Caroline Moorehead

Agent Zo: the Polish blonde with nerves of steel

Clare Mulley celebrates the courage of Elzbieta Zawacka, who repeatedly risked her life in the second world war liaising between London and the Polish Resistance

Elzbieta Zawacka. [The General Elżbieta Zawacka Foundation (zawacka.pl) , Toruń, Poland] 
issue 18 May 2024

In recent years, far from diminishing, the number of books on the Nazis, Occupied Europe and the Holocaust – events that now lie three quarters of a century in the past – seem only to grow. New archives are opened and attics are raided for forgotten diaries and letters. One historian who has mined them with great skill is Clare Mulley, the author of books on spies and Hitler’s pilots. She has now unearthed a story about a bold and resolute Polish agent, Elzbieta Zawacka, who went by the name of Zo.

Her adventures are extraordinary, and their background is no less fascinating. Agent Zo is as much a book about Poland’s unhappy history, overrun both by the Germans and the Soviets and later abandoned by the Allies, as an account of the terrifying life led by Zo and her friends, whose chances of survival were very slim indeed.

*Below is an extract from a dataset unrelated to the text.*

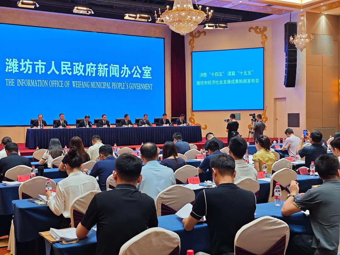 7月4日,潍坊市人民政府新闻办公室举行“决胜‘十四五’谋篇‘十五五’”潍坊市经济社会发展成果新闻发布会。发布会围绕建设“一座人民满意的城市”,发布白皮书,回顾“十四五”期间潍坊经济社会发展取得的新亮点、新成效,展望“十五五”发展新方向、新目标,现场展览成果图片。潍坊市工信局、市农业农村局、市交通局、市教育局、市文化和旅游局、市海渔局、市卫健委7家市直部门负责人分别介绍有关情况并回答记者提问。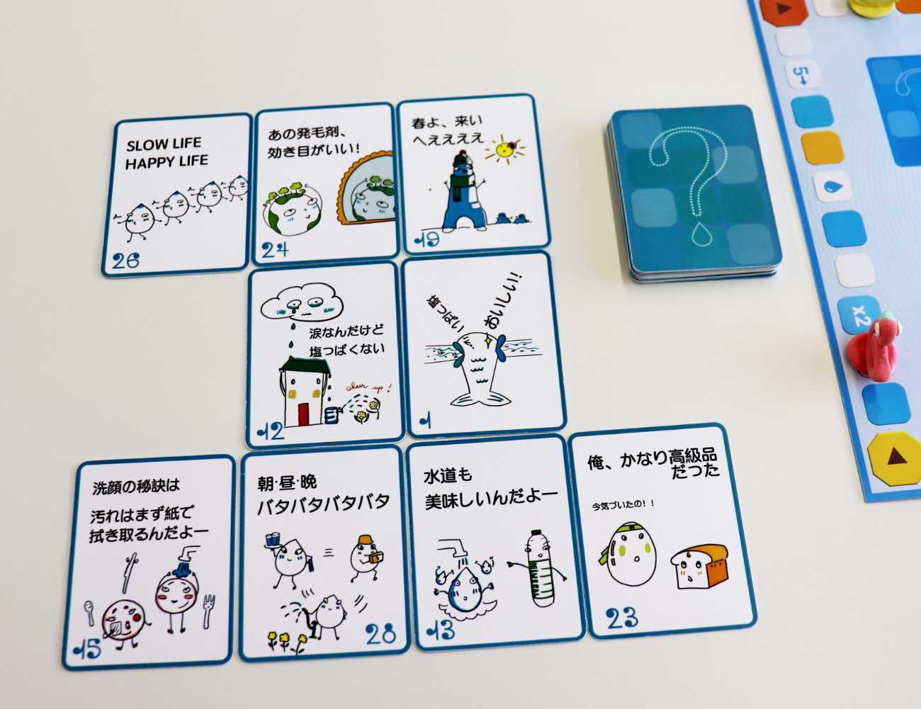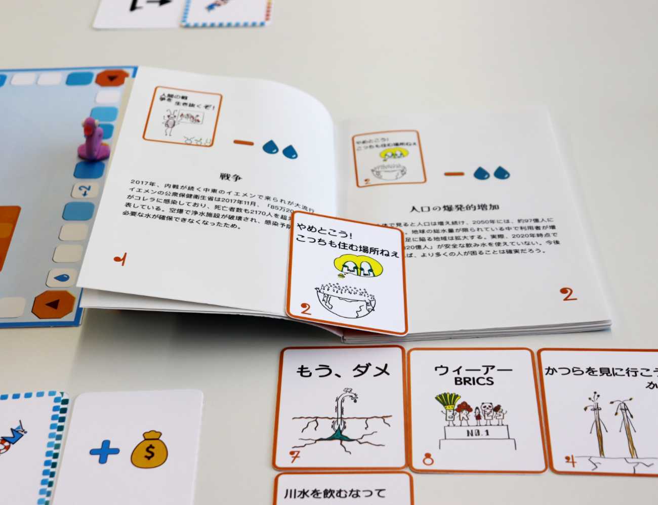 中学校の高学年と高校などの教育の場を想定し、ボードゲームを遊びながら淡水資源に関する課題と、できる対策の情報を提供することを目的とした。

The seventh of eight children in a family living in what had been, until the first world war, German-occupied territory, Zo grew up bilingual in Polish and German. She was in her thirties, with a higher degree in mathematics, when the Molotov-Ribbentrop pact in August 1939 agreed to the partition of Poland under the Soviet and German spheres of influence. By late September much of Poland was under occupation, whether by the Germans or the Red Army. Repression followed swiftly. Businesses were nationalised, political parties were banned and schools were closed down. In the German part, thousands of Polish citizens, either Jewish or people refusing to be turned into ethnic Germans, were deported to concentration camps. Those who planned to resist either fled to the Polish armed forces regrouping outside the country or joined the clandestine Home Army.

Zo, a blonde, blue-eyed woman who looked younger than her age, had been involved with the Polish Women’s Military Training programme, the PWK, since the late 1920s.